Your assignment: Every line of the data below must be output exactly, with images left out.

--- Supplied information Enclosed Below ---

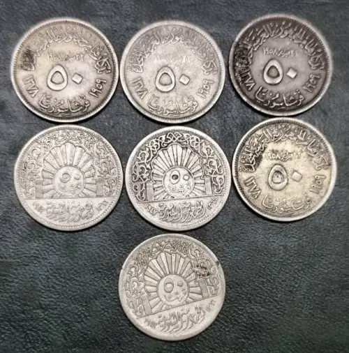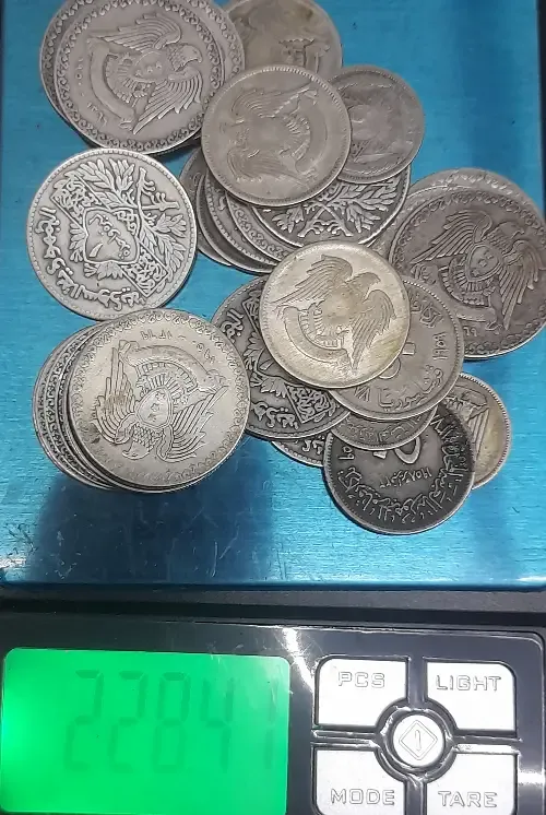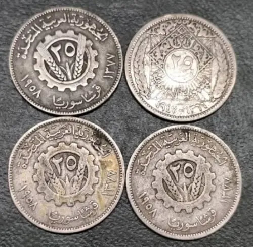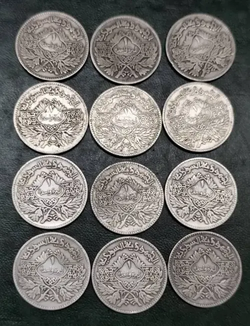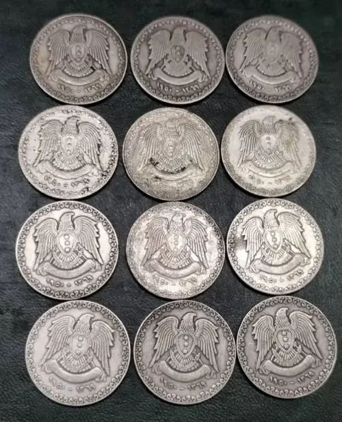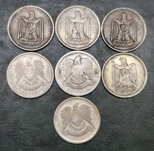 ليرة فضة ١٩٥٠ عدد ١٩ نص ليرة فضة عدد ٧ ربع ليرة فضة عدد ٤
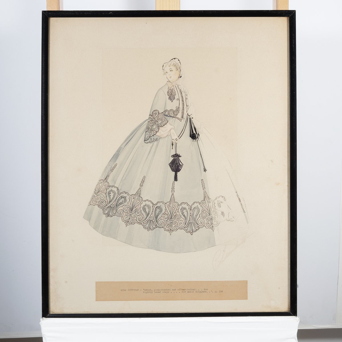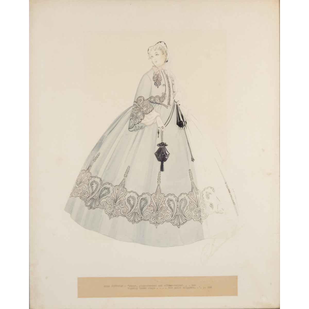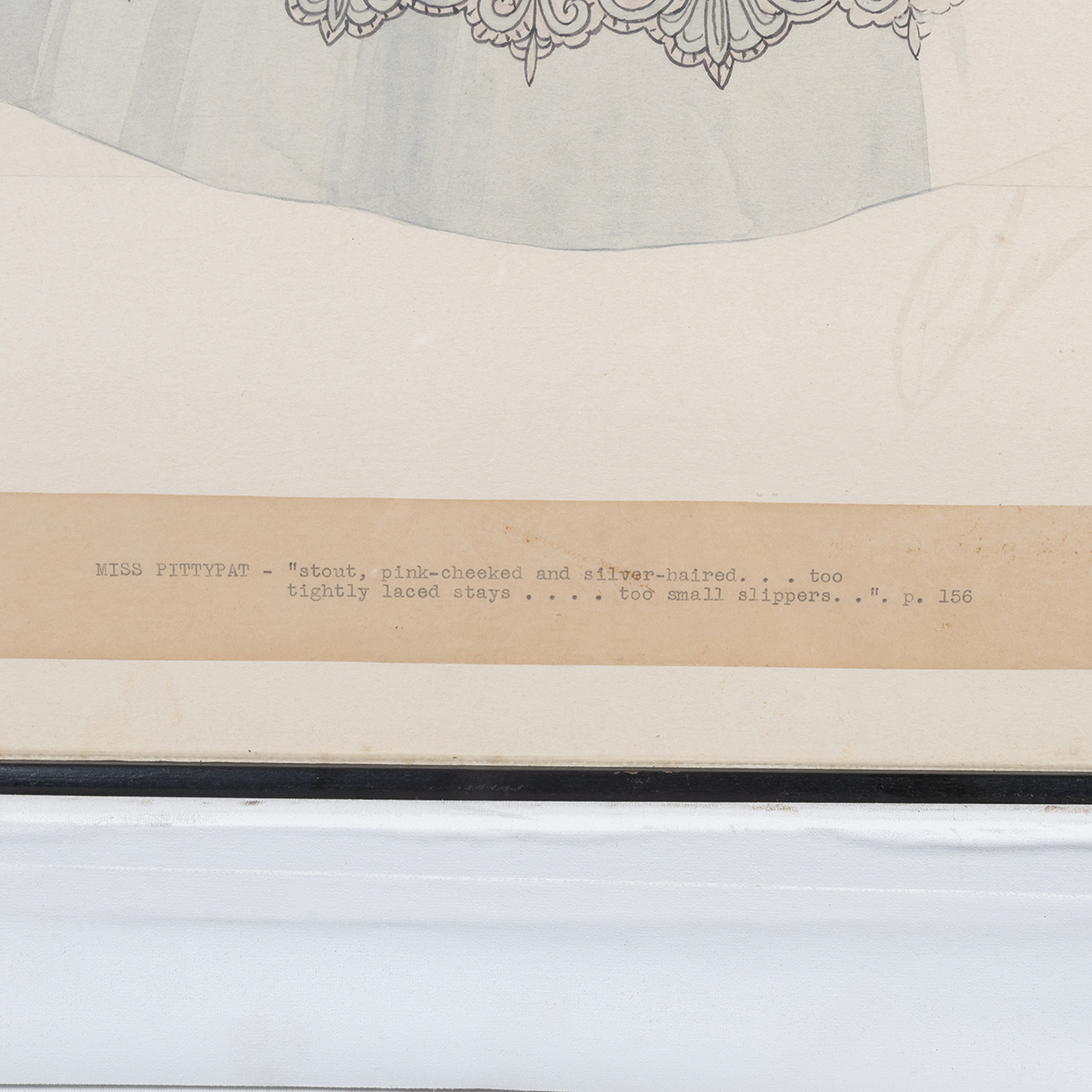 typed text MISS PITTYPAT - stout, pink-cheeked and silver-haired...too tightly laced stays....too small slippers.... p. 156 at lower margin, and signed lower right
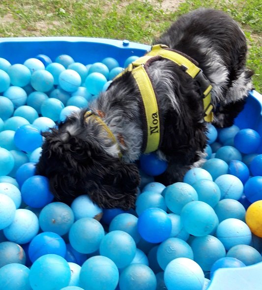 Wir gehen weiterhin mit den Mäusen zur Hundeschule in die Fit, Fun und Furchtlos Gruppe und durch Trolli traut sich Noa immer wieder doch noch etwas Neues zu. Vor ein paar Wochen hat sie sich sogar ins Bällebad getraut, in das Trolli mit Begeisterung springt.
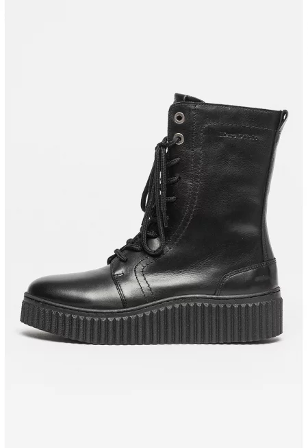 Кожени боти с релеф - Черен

--- End of Enclosed Supplied information ---

Solved problem:
 ليرة فضة ١٩٥٠ عدد ١٩ نص ليرة فضة عدد ٧ ربع ليرة فضة عدد ٤
 typed text MISS PITTYPAT - stout, pink-cheeked and silver-haired...too tightly laced stays....too small slippers.... p. 156 at lower margin, and signed lower right
 Wir gehen weiterhin mit den Mäusen zur Hundeschule in die Fit, Fun und Furchtlos Gruppe und durch Trolli traut sich Noa immer wieder doch noch etwas Neues zu. Vor ein paar Wochen hat sie sich sogar ins Bällebad getraut, in das Trolli mit Begeisterung springt.
 Кожени боти с релеф - Черен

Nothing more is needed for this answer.